Two Competing Models of Banking
The answer to whether deficits cause crises depends entirely on which model of banking is correct:
1. Loanable Funds Model
Core Assumption: Banks are intermediaries between savers and borrowers.
From mainstream textbooks:
“Commercial banks are the best-known type of financial intermediary. They take deposits from savers and use these deposits to make loans to those who have investment projects they need to finance.” - Mankiw (2016)
Key Characteristic: Loans appear as: - Assets of Households (who are the real lenders) - Liabilities of Firms (borrowers) - NOT on bank balance sheets as assets
Godley Table Structure (Loanable Funds)
Complete analysis requires three tables (Banks, Households, Firms) with each transaction appearing four times.
Private Banks:
| Flows↓/Stocks→ | Reserves | Households | Firms | \(Banks\) | A-L-E |
|---|---|---|---|---|---|
| Type | Asset | Liability | Liability | Equity | |
| Initial | 100 | 40 | 50 | 10 | 0 |
| Pay Wages | +Wages | -Wages | |||
| Buy Goods | -Consume | +Consume | |||
| Borrow Money | -Credit | +Credit | |||
| Pay Interest | \(Int_{Firms}\) | \(-Int_{Firms}\) | |||
| Pay Bank Fee | -Fee | Fee | |||
| Banks Spend | \(Spend_{Banks}\) | \(-Spend_{Banks}\) | |||
| ∫ Flows | 100 | 20+∫ | 70+∫ | 10 | 0 |
Households:
| Flows↓/Stocks→ | Households | \(Debt_{Firms}\) | \(HH_{Equity}\) | A-L-E |
|---|---|---|---|---|
| Type | Asset | Asset | Equity | |
| Initial | 20 | 0 | 20 | 0 |
| Pay Wages | +Wages | +Wages | ||
| Buy Goods | -Consume | -Consume | ||
| Borrow Money | -Credit | +Credit | ||
| Pay Interest | +\(Int_{Firms}\) | +\(Int_{Firms}\) | ||
| Pay Bank Fee | -Fee | -Fee | ||
| ∫ Flows | 20+∫ | 0+∫ | 20+∫ | 0 |
Firms:
| Flows↓/Stocks→ | Firms | \(Debt_{Firms}\) | \(Firms_{Equity}\) | A-L-E |
|---|---|---|---|---|
| Type | Asset | Liability | Equity | |
| Initial | 70 | 0 | 70 | 0 |
| Pay Wages | -Wages | -Wages | ||
| Buy Goods | +Consume | +Consume | ||
| Borrow Money | +Credit | +Credit | ||
| Pay Interest | -\(Int_{Firms}\) | -\(Int_{Firms}\) | ||
| Banks Spend | +\(Spend_{Banks}\) | +\(Spend_{Banks}\) | ||
| ∫ Flows | 70+∫ | 0+∫ | 70+∫ | 0 |
Basic Flows (Without Government)
Parameters and flows:
\[Wage_{Share} = 60\%; \quad V_{Firms} = 4; \quad V_{HH} = 12.5 \quad V_{Banks} = 1 \]

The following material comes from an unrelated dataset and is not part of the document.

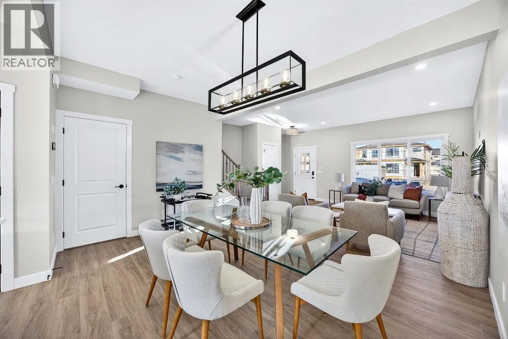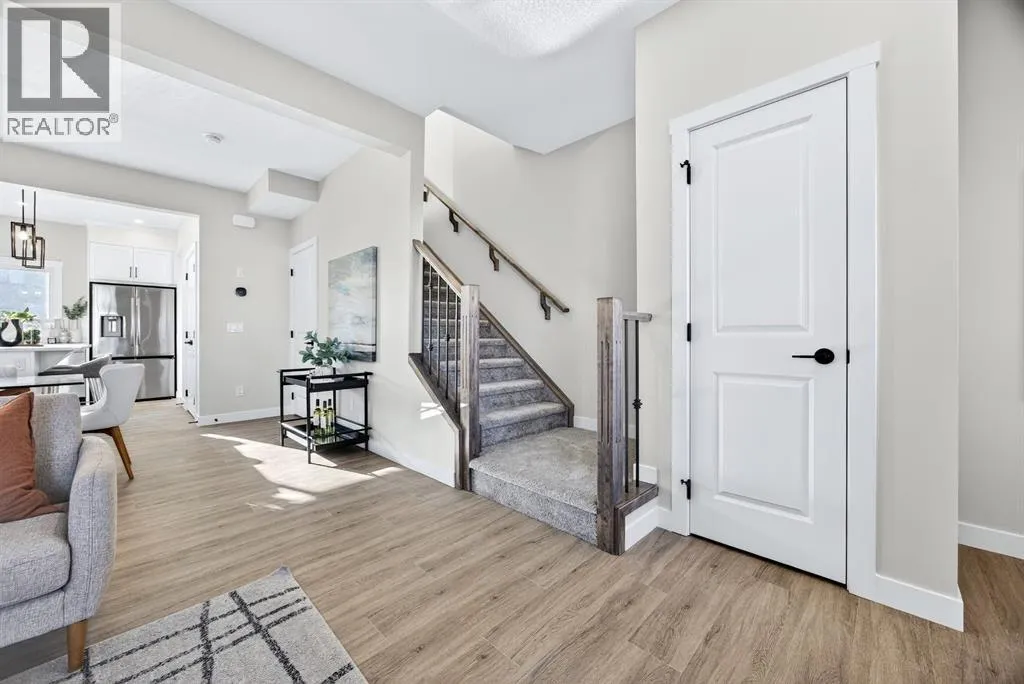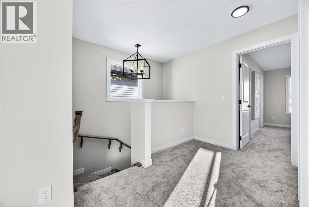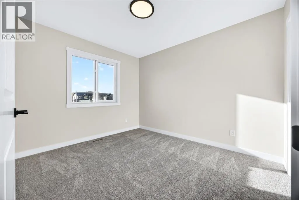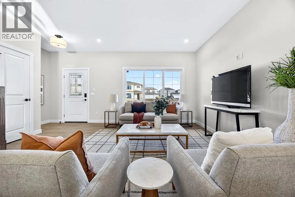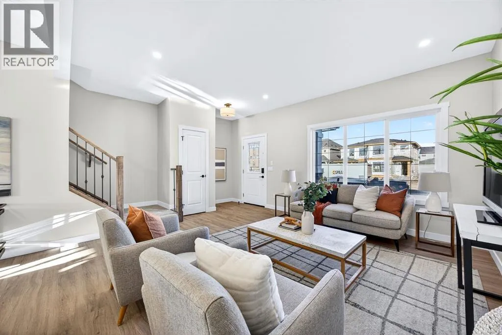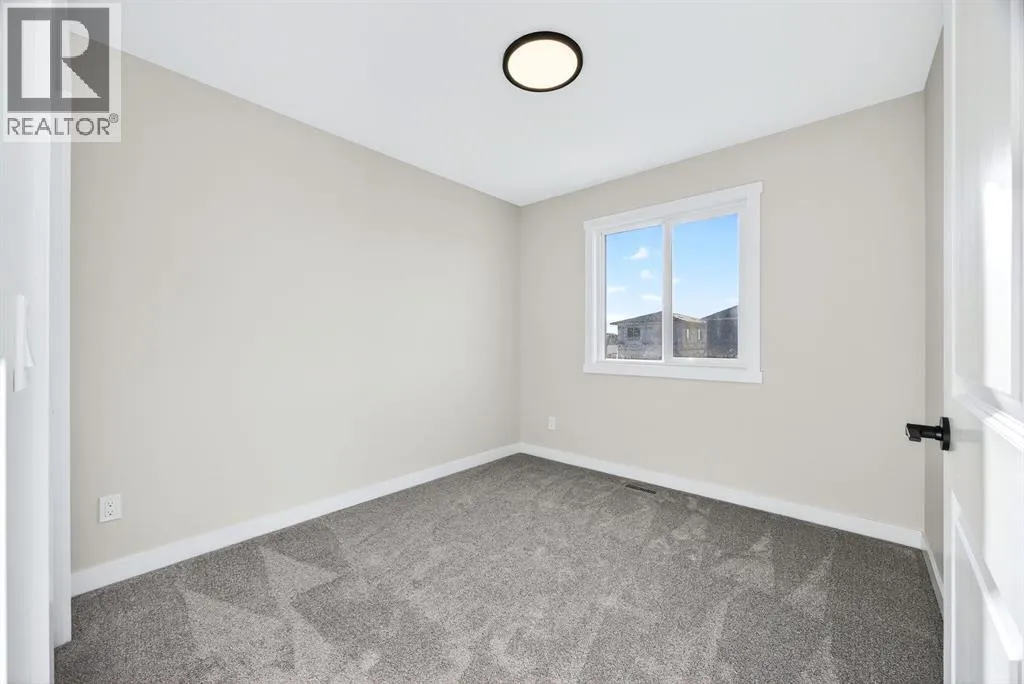 Welcome to this stunning, brand-new Genesis Builders duplex. The "Oscar" offers modern design, functional living, and exceptional future potential with basement suite rough-ins "legal suite subject to approval and permitting by the city/municipality", all complemented by a warm, inviting colour palette that creates a welcoming atmosphere throughout the home. Featuring 3 bedrooms and 2.5 bathrooms, this home is thoughtfully crafted and offers over 1400 sq ft. The main floor showcases a bright, sun-filled floorplan with 9' ceilings and a seamless open-concept layout, connecting the spacious living room, central dining area, and stylish kitchen. The kitchen is beautifully appointed with quartz countertops, two-toned cabinetry, a large central island, and a sleek stainless steel appliance package, complete with a gas line to the range. A convenient powder room completes the main level. Upstairs, the primary suite is a private retreat featuring a generous walk-in closet and a spa-inspired ensuite with his-and-hers sinks and an oversized shower. Two additional well-sized bedrooms, a full bathroom, and convenient upper-floor laundry complete the second level. The unfinished basement offers incredible flexibility with 9' ceilings, a separate SIDE ENTRANCE, and BASEMENT SUITE ROUGH INs, making it ideal for additional living space or future income potential. Outside, the backyard is a blank canvas, ready for your personal touch and offering the opportunity to build your dream garage. Located in the vibrant and family-friendly community of Fireside, this home offers the perfect balance of small-town charm and modern convenience. Fireside is known for its extensive pathway system, parks, playgrounds, and green spaces, ideal for walking, biking, and outdoor enjoyment. Residents love the easy access to schools, shops, restaurants, and everyday amenities, all just minutes away. With quick access to Highway 22 and Highway 1, commuting to Calgary or heading west to the mountains is effortless. *Taxes have not been assessed. Photos are representative of the same model. This property's colour palette is included in the pictures. RMS has been applied to the builder's construction drawings. (id:27476)

\[Int_{Rate} = 5\% \quad Fee_{Rate} = 10\% \quad Credit_{Rate} = 0\%\] \[GDP = {Firms} \times {V_{Firms}}\]
\[Wages = GDP \times Wage_{Share}\]
\[Consume = {Households} \times {V_{HH}} \quad (3)\]
\[Credit = GDP \times Credit_{Rate}\]
\[Int_{Firms} = Debt_{Firms} \times Int_{Rate}\]

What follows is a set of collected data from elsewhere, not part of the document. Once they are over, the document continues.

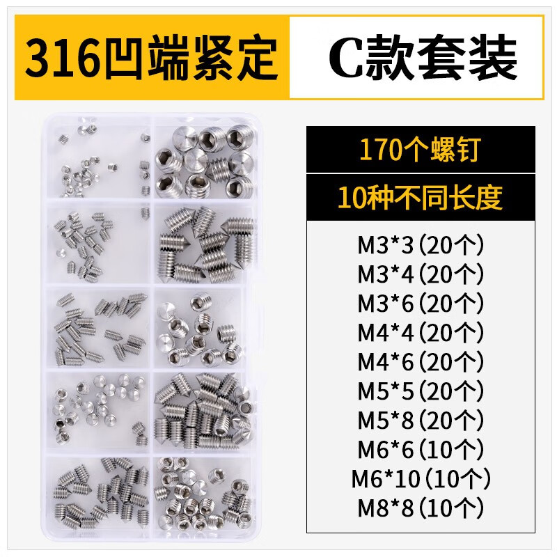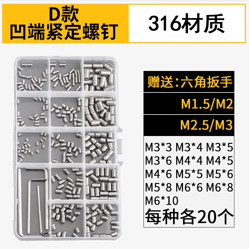 > 佰瑞特316不绣钢紧定螺钉凹端内六角无头螺丝钉机米顶丝基米螺丝DIN916 M6*20【20粒】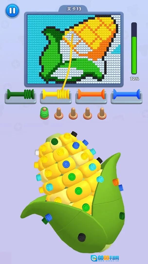 当三个同色的毛线团连成一线时,它们会自动消除,同时你将获得该颜色的使用权,用来创作独一无二的像素风格画作。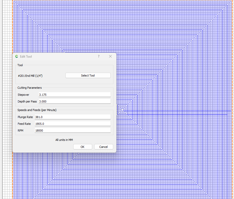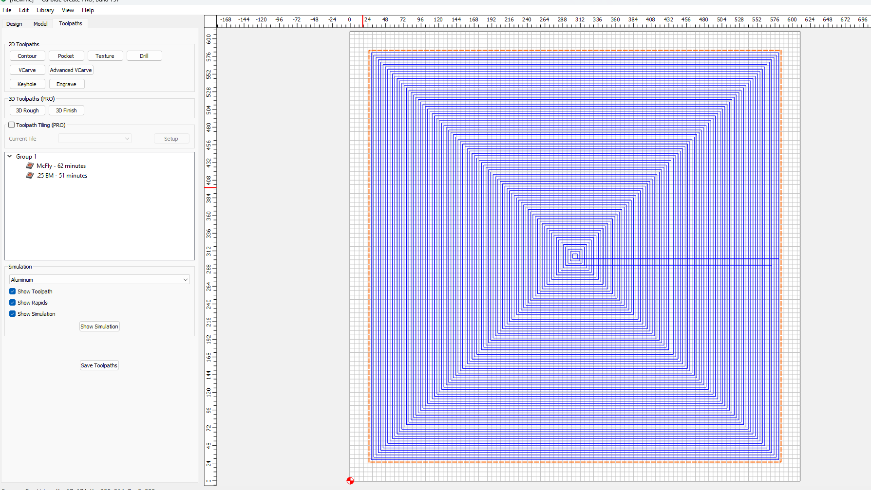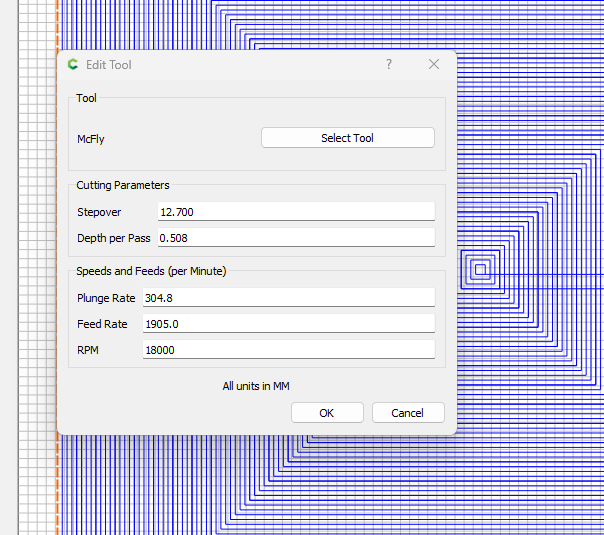 Can you push the McFly, sure you can, but it’s really designed for surfacing, not pocketing. Besides, you will end up with some areas that are missed since the diameter is 1".

\[Fee = Int_{Firms} \times Fee_{Rate}\]
\[Int_{Firms} = Debt_{Firms} \times Int_{Rate}\]
\[Spend_{Banks} = {Banks} \times {V_{Banks}}\]

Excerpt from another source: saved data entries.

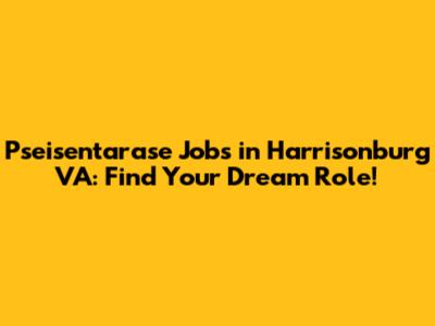 Pseisentarase Jobs In Harrisonburg VA: Find Your Dream Role!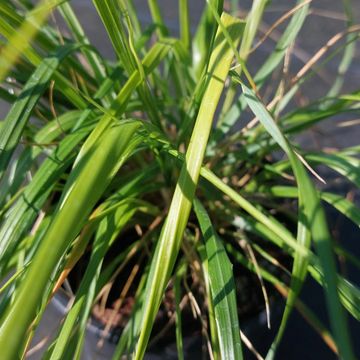 Tussock forming grass of up to 4m when in flower. Produces drooping, light golden-yellow flowerheads from September to January. Fast growing. Grows on a wide range of sites but preforms best in wet soils. Approx. height 2m x 3m.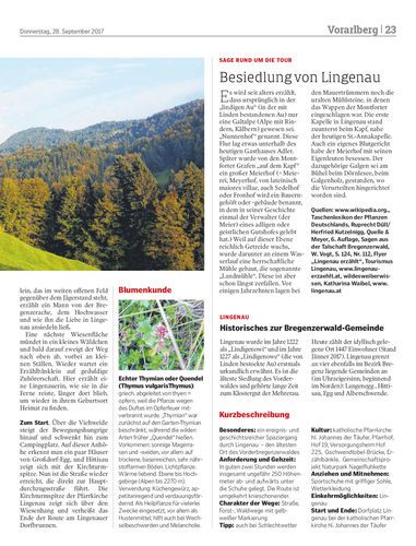 Geschichtenerzählerin Hertha Glück begibt sich diesmal nach Lingenau im Vorderwald und genießt verschiedene Erzählbänkle bis zur Gschwendtobel-Brücke.

Adjusting the credit and interest rates will change \(Debt_{Firms}\).
| Variable | Value |
|---|---|
| Loading… | — |
This system is sustainable with only private sector debt does not get too large. But the growth of GDP is slow, there is a slow growth in household net equity and no growth in the value of firms.